__The task__
Reprint all records below exactly. No images.

__Exercise materials__
• • • • • • •
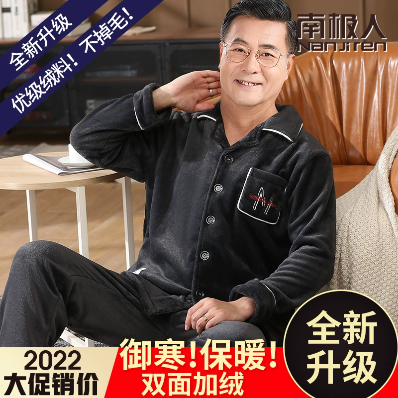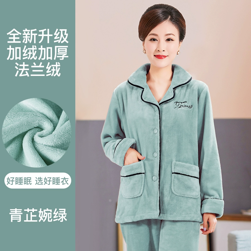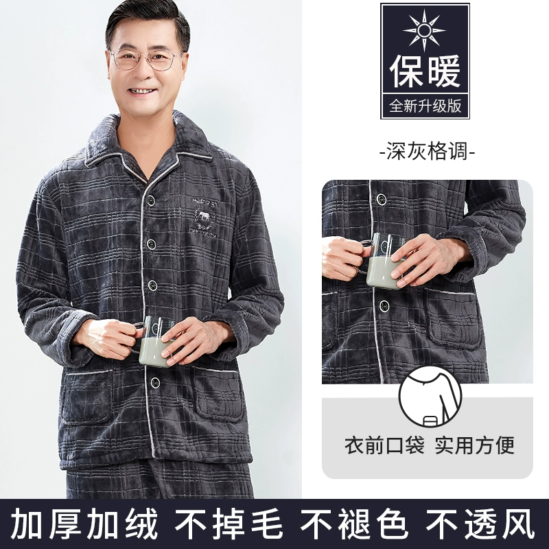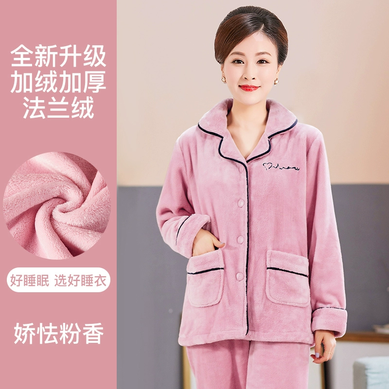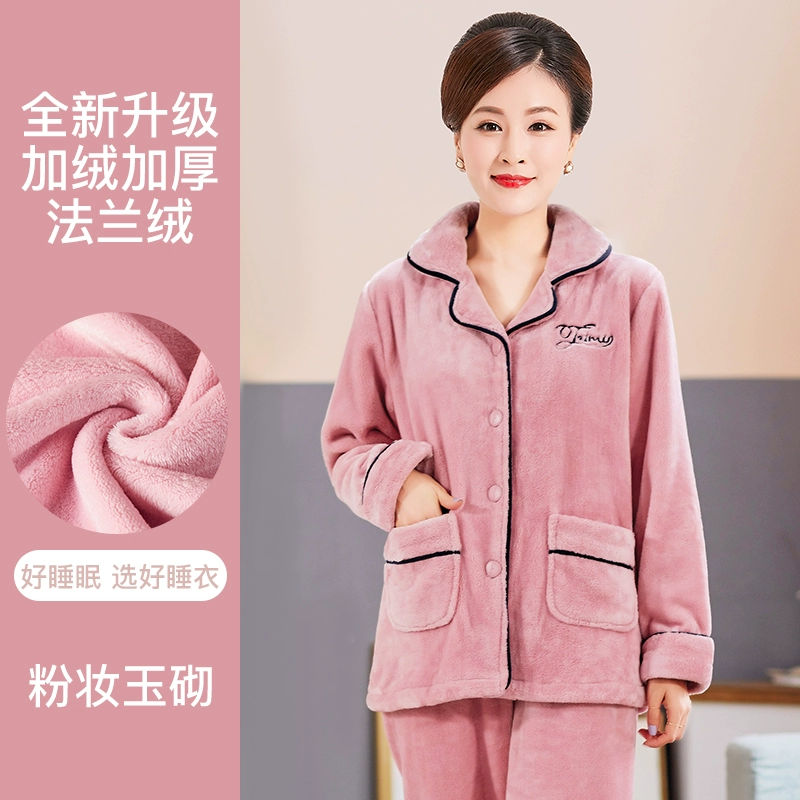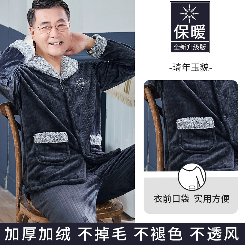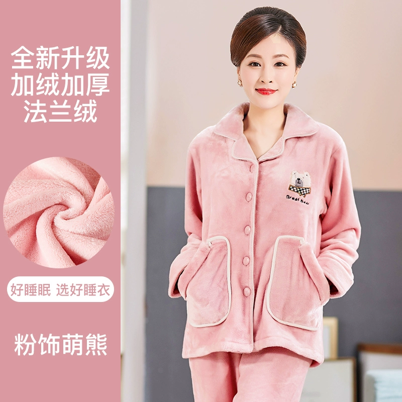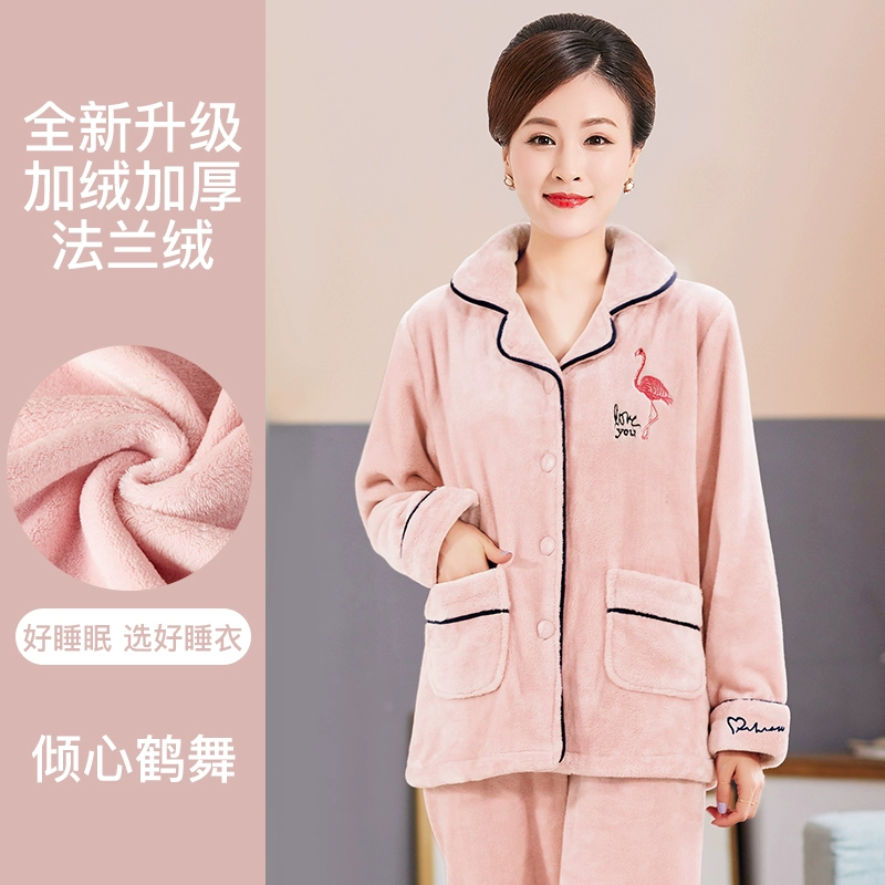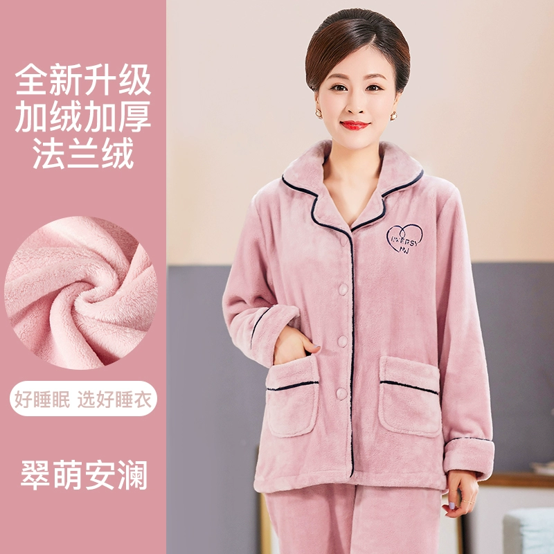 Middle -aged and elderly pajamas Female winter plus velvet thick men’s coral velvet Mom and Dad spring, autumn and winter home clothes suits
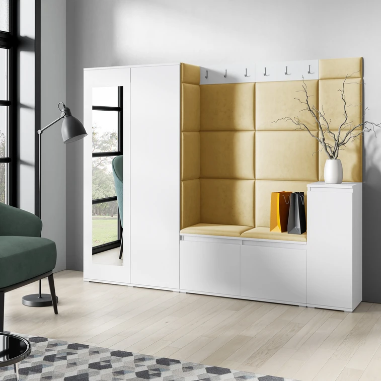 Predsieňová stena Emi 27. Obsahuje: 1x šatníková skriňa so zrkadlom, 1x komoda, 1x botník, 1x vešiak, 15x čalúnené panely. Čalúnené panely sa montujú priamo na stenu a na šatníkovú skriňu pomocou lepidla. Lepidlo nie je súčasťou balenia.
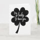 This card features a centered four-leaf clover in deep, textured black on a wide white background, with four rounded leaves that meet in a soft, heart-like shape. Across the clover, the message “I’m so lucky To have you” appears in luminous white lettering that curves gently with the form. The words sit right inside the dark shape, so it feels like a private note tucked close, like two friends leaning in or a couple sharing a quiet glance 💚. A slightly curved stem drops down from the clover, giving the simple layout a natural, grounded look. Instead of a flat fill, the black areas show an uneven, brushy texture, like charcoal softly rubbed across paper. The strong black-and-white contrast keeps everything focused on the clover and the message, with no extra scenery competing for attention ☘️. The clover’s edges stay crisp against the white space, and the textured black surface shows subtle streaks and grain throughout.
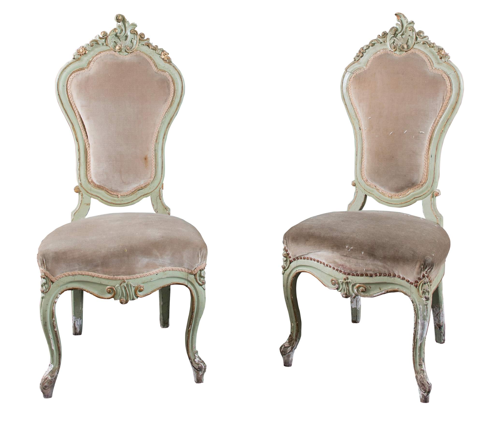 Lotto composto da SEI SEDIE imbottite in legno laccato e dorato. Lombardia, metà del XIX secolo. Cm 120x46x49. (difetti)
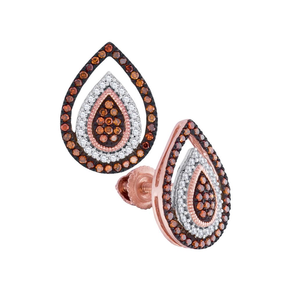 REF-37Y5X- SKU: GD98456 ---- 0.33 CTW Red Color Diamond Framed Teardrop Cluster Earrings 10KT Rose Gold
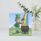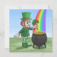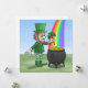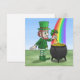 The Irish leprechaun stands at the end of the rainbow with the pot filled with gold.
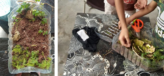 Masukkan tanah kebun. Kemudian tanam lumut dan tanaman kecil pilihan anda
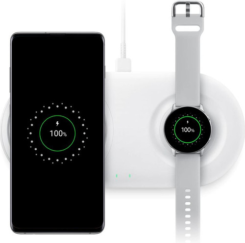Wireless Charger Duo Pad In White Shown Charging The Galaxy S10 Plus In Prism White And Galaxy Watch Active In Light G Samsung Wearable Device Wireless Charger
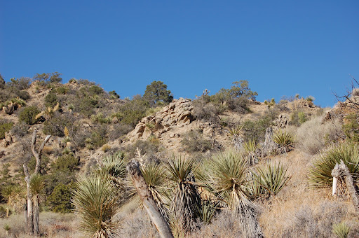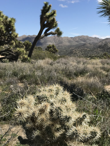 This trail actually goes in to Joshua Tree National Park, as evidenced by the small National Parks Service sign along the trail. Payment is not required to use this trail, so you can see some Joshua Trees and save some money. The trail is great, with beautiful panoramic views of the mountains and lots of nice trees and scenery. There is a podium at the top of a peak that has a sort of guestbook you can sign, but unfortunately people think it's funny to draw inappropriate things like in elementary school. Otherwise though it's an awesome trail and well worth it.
• • • • • • •
__Response to this exercise__
 Middle -aged and elderly pajamas Female winter plus velvet thick men’s coral velvet Mom and Dad spring, autumn and winter home clothes suits
 Predsieňová stena Emi 27. Obsahuje: 1x šatníková skriňa so zrkadlom, 1x komoda, 1x botník, 1x vešiak, 15x čalúnené panely. Čalúnené panely sa montujú priamo na stenu a na šatníkovú skriňu pomocou lepidla. Lepidlo nie je súčasťou balenia.
 This card features a centered four-leaf clover in deep, textured black on a wide white background, with four rounded leaves that meet in a soft, heart-like shape. Across the clover, the message “I’m so lucky To have you” appears in luminous white lettering that curves gently with the form. The words sit right inside the dark shape, so it feels like a private note tucked close, like two friends leaning in or a couple sharing a quiet glance 💚. A slightly curved stem drops down from the clover, giving the simple layout a natural, grounded look. Instead of a flat fill, the black areas show an uneven, brushy texture, like charcoal softly rubbed across paper. The strong black-and-white contrast keeps everything focused on the clover and the message, with no extra scenery competing for attention ☘️. The clover’s edges stay crisp against the white space, and the textured black surface shows subtle streaks and grain throughout.
 Lotto composto da SEI SEDIE imbottite in legno laccato e dorato. Lombardia, metà del XIX secolo. Cm 120x46x49. (difetti)
 REF-37Y5X- SKU: GD98456 ---- 0.33 CTW Red Color Diamond Framed Teardrop Cluster Earrings 10KT Rose Gold
 The Irish leprechaun stands at the end of the rainbow with the pot filled with gold.
 Masukkan tanah kebun. Kemudian tanam lumut dan tanaman kecil pilihan anda
Wireless Charger Duo Pad In White Shown Charging The Galaxy S10 Plus In Prism White And Galaxy Watch Active In Light G Samsung Wearable Device Wireless Charger
 This trail actually goes in to Joshua Tree National Park, as evidenced by the small National Parks Service sign along the trail. Payment is not required to use this trail, so you can see some Joshua Trees and save some money. The trail is great, with beautiful panoramic views of the mountains and lots of nice trees and scenery. There is a podium at the top of a peak that has a sort of guestbook you can sign, but unfortunately people think it's funny to draw inappropriate things like in elementary school. Otherwise though it's an awesome trail and well worth it.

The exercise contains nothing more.